05.03  Kristof Calvo (Ecolo-Groen!): Mevrouw de minister, ik dank u voor uw uitgebreid antwoord. Ik stel vast dat u en het Federaal Agentschap voor Nucleaire Controle overgaan tot een interpretatie van de aanbevelingen van de Wetenschappelijke Raad voor Ioniserende Stralingen. De wetenschappelijke raad zegt niet dat hij een actualisering vraagt van de interne nota die hem in 2005 bezorgd is.
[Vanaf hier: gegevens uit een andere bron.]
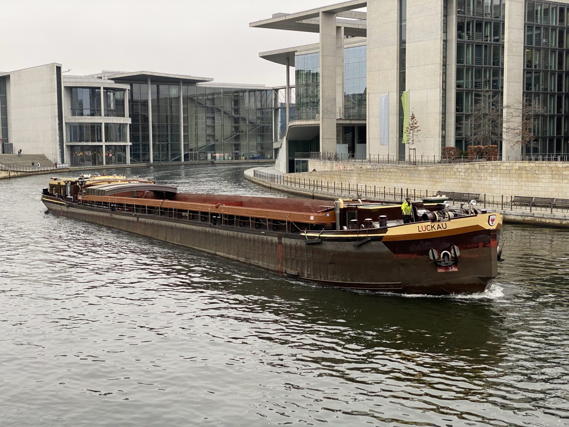 Having arrived in Berlin, I checked in at my hotel then went exploring. After a look around Museum island I headed over to the Reichstag for my pre-booked visit to the German Parliament. On the way, a large barge headed down the river towards me.

De wetenschappelijke raad schrijft letterlijk: “Wij vragen een gelijkaardige strategienota betreffende de ontmanteling van de Belgische kerncentrales.” U houdt er de interpretatie op na dat zij vrede nemen met de actualisering van de interne nota.

 

Voorts is het goed dat er een aantal nieuwe wetgevende procedures in de pijplijn zitten. Wij kijken ernaar uit.

 

Het incident is gesloten.

L'incident est clos.

 

06 Vraag van de heer Kristof Calvo aan de minister van Binnenlandse Zaken over "de onverenigbaarheidsregels die gelden voor het FANC en voor andere overheidsinstanties uit de nucleaire sector" (nr. 4991)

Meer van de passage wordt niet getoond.